Eine 72 Jahre alte Frau, die er wegen des Schusslärms am Türspion hinter ihrer Tür vermutete, erschoss B. laut Urteil durch die geschlossene Tür. Der Richter sagte, B. habe nicht nur getötet, er habe auch unfassbares Leid über die Angehörigen gebracht.

Nach diesen drei Mordtaten fuhr der Mann an einen zweiten Tatort, wo der Sohn eines seiner Nachbarn lebte. Der 44 Jahre alte Mann habe angesichts des bewaffneten Manns noch gesagt: „Boah, was wird das jetzt?“ B. habe nur gesagt: „Das wirst gleich sehen“. Allerdings habe sich der Mann mit seiner Partnerin verschanzen können. B. habe durch die Tür auf beide geschossen und diese am Arm schwer verletzt.

Umstritten war in dem Prozess, ob B. schuldfähig war. Die Verteidigung sah nur eine eingeschränkte Schuldfähigkeit und forderte deshalb eine zeitlich begrenzte Haftstrafe. Ein von der Verteidigung bezahltes Gutachten sollte dies belegen. Der Vorsitzende Richter sagte allerdings, dieses sei „sehr nah am Gefälligkeitsgutachten“.
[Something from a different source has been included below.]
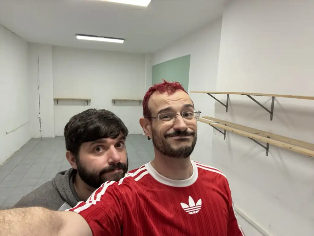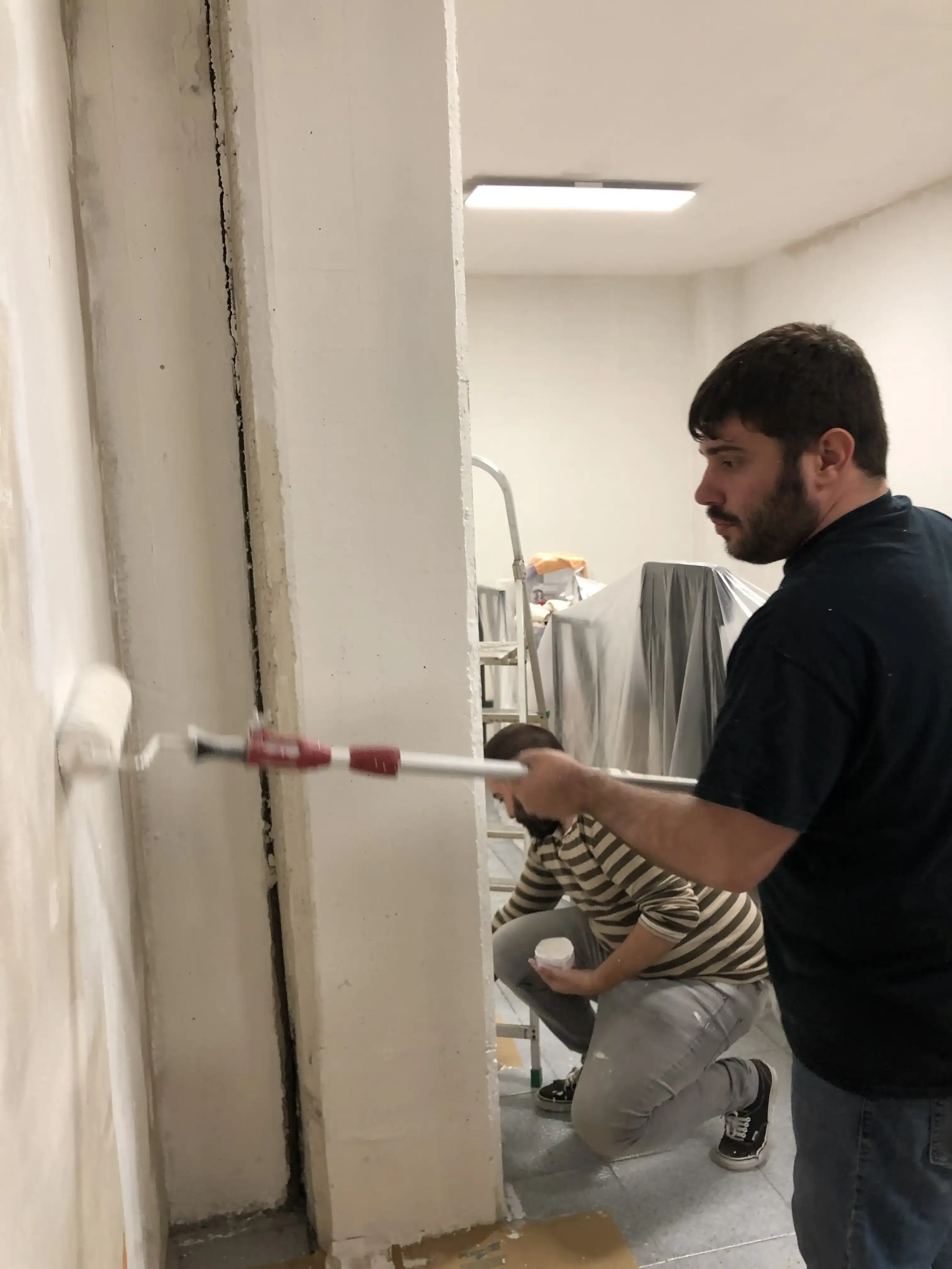 Dani y Edu dándole duro a la pintura:

Der vom Gericht bestellte Gutachter hatte neben einer begrenzten intellektuellen Leistungsfähigkeit auch paranoide und schizoide Züge bei dem Angreifer festgestellt – beides aber nicht in einem Maß, dass es die Schuldfähigkeit einschränke.
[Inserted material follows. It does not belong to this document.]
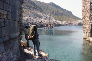 We were up at 5am and attended mattins for a while, and then set off. We had planned to walk around the tip of the peninsula the following day, but I think we took the wrong path, because that the going was rough and we ended up at Ag Theodoros, which is off the main path. From there we made our way down the cliffs to the sea and had a swim. We knew that we would not make it to Aghios Pavlos that day, and thanks to a pocket mirror of George’s we signalled a passing boat, which to our great and intense delight responded and gave us the much-needed ride to Pavlos.

Am Ende der Urteilsbegründung gab der Richter dem Angeklagten eine Viertelstunde Zeit, um darüber nachzudenken, ob er das Urteil direkt akzeptiert. Der Richter sah darin die Möglichkeit eines positiven „Signals“ an die Öffentlichkeit. Aber auch das wollte B. seinen Nachbarn nicht vergönnen. „Herr B. akzeptiert das Urteil nicht“, sagte sein Verteidiger.